While appearing before the Senate subcommittee on consumer protection in 2014, a Democratic senator quoted the TV host back to himself, saying: “You may think magic is make-believe, but this little bean has scientists saying they’ve found the magic weight-loss cure for every body type — it’s green coffee extract.”
For his part, Dr Oz has seemed to try and distance the remarks made by his campaign in recent days from his own.
While appearing on KDKA on Tuesday, Dr Oz told Pittsburgh radio host Larry Richert that “the campaign has been saying lots of things”.
“My position – and I can only speak to what I’m saying – is that John Fetterman should be allowed to recover fully and I will support his ability, as someone who’s gone through a difficult time, to get ready.”
In that interview, Dr Oz was responding to a separate incident where the campaign had, once again, gone after their opponent’s health.
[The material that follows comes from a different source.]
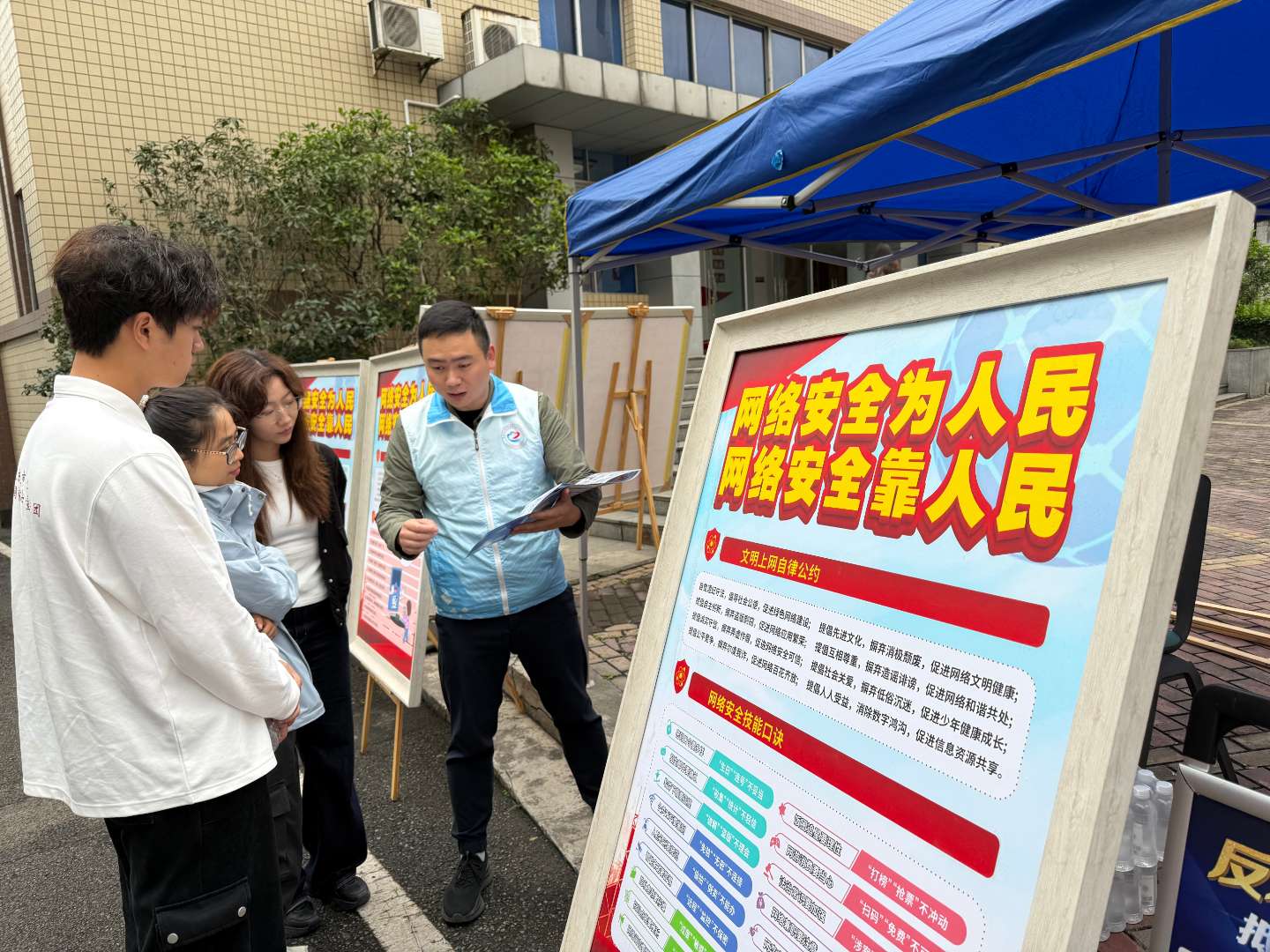 活动中,工作人员为大学生宣传网络安全相关知识。

On 23 August, Insider reported that Dr Oz’s communications adviser, Rachel Tripp, had been quoted as saying that if the Pennsylvania lieutenant governor “had ever eaten a vegetable in his life, then maybe he wouldn’t have had a major stroke and wouldn’t be in the position of having to lie about it constantly.”
Dr Oz’s campaign, however, seems to be digging their own heels in the sand, releasing another statement on Wednesday about Mr Fetterman declining to debate his opponent that appeared, once again, to make light of the Democratic candidate’s health.
In a list of the the “Top 10 Reasons John Fetterman Pulled Out of KDKA-TV Debate”, the campaign ranks number five as being because he “might accidentally reveal a health condition that’s worse than previously disclosed!”
The ongoing attacks, regardless of the source, don’t seem to be helping the Republican candidate’s campaign, as recent polling shows the Democratic incumbent outpacing Dr Oz, including recent surveys from Emerson College and Franklin and Marshall College.
Outside of the polls, Mr Fetterman’s fundraising efforts have similarly benefited from Dr Oz’s political gaffes. In a recent stint where the TV doctor attempted to slight Joe Biden’s economic recovery by showing a video of himself grocery shopping for crudite, he garbles the name of the supermarket and misstates the prices of the items he clumsily stacks into his arms.
This widely panned video, according to Mr Fetterman’s campaign manager Brendan McPhillips, raked in the team half a million dollars in just 24 hours with $65,000 coming in from a campaign sticker that read: “Wegners: Let them eat Crudité.”